The Mudcat Café TM
Thread #149669   Message #3483119
Posted By: GUEST,DDT
23-Feb-13 - 09:14 PM
Thread Name: The Death of Jazz
Subject: RE: The Death of Jazz
"Esperanza is every bit a jazz musician extraordinaire. To say she's not is ridiculous."

Sorry but she has not been a jazz musician in five years. She was. She is not now.

"She is a great jazz vocalist as well as bassist."

She played marvelous chops on her first two releases. The last two I can teach any kid whose never touched a bass in his or her life to play in 6 months. It's that easy. That's what they'll want to learn right away and then think they are playing real jazz. They don't want to learn the Songbook even though it is the foundation of jazz training. You have to learn hundreds of standards because everything you need to know about playing jazz is in those standards. Then you take that use it to forge something new. Some kids take to the Songbook and others just hate it.
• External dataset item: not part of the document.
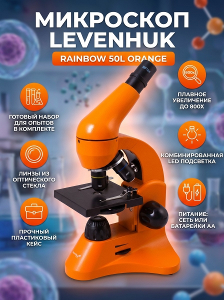 Купить оптический микроскоп Levenhuk Rainbow 50L Orange/Апельсин по эксклюзивной цене от официального дилера. Профессиональные консультации.
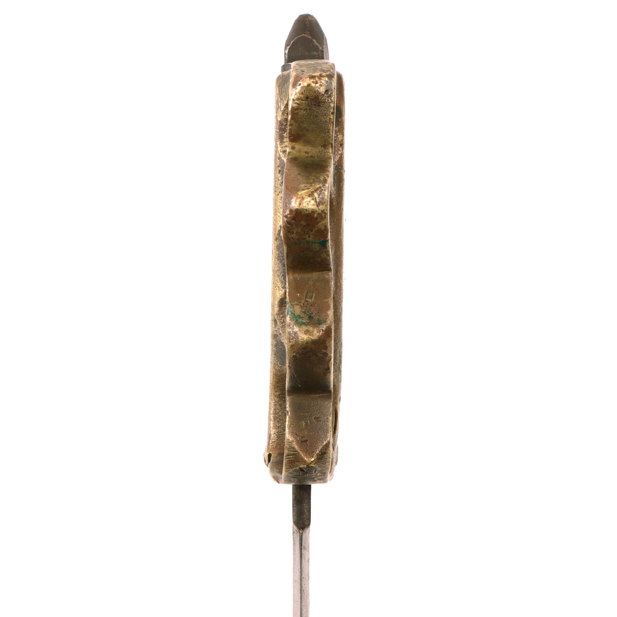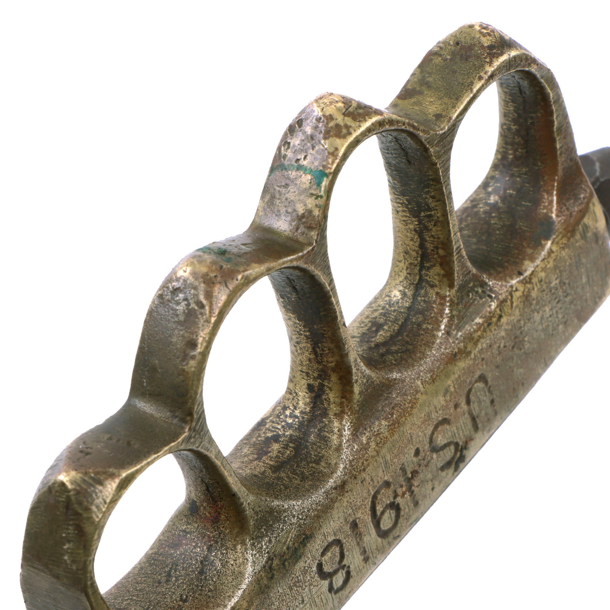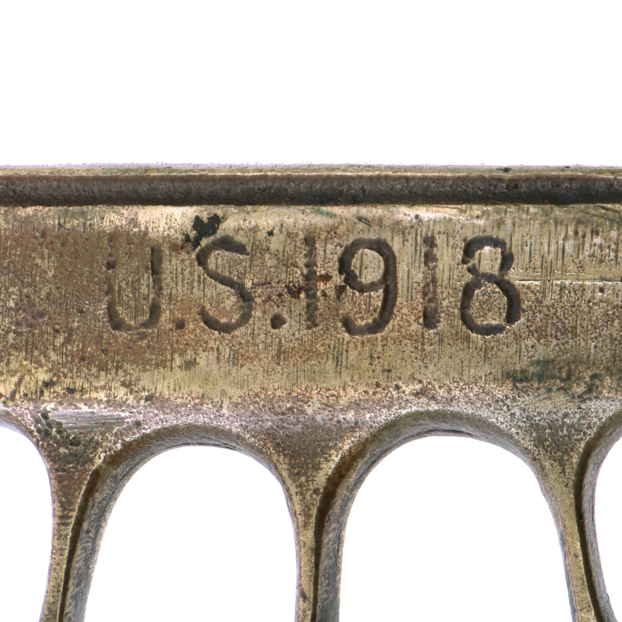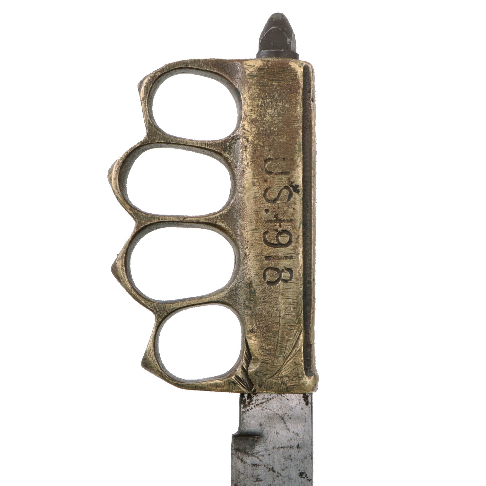 The brass grips are no longer darkened as it has been ground down on all sides when the crossguard was removed. They are still marked U.S. 1918. The blade shows moderate oxidation and scratching from when it was finished. The blade is very sharp and the pommel cap “skullcrusher” still holds the blade tight to the hilt. The overall length is 13” and the knuckles retain their original shape.

"Jazz is very much alive in the small venues and clubs around the country."

I don't where you get this. The venues are disappearing. Jazz can't fill the house. Wynton Marsalis often plays to half full houses and he's the "ambassador of jazz." They're having trouble filling houses on 52nd Street and that's the jazz capital of the world! Are you talking about paying gigs or just some place where people play for tips? I won't play for tips. It's not that I'm stuck up. If I play for tips, I'm hurting those jazz musicians who make their living playing music. If I play for tips, then they are expected to play for tips. Those guys have bills to pay just like everybody else. They need to be paid adequately. If a working jazz musician plays for tips out of desperation, then so be it. But I won't play for tips out of respect for those guys because working musicians were my instructors and mentors. I have a regular job and don't depend on gigs to pay bills but I'm also not as good as those guys because I can't devote myself 24/7 to music they way they have. THEY carry the torch and deserve respect for that. If you want to learn jazz, THAT is who you MUST learn from--MUST.

"Wherever there are real musicians there will be jazz, because it takes a real musician to play it."

Playing jazz is like playing classical (since most of us were classically trained to begin with), you have to be taught to play jazz. You can't just learn it sitting in your living room playing the Songbook. You have to be trained by someone who is a master and even then you have to go out and PLAY real gigs. Anybody can play some jazz reasonably well but to get REAL chops you have to be a REAL JAZZ musician not just a real musician.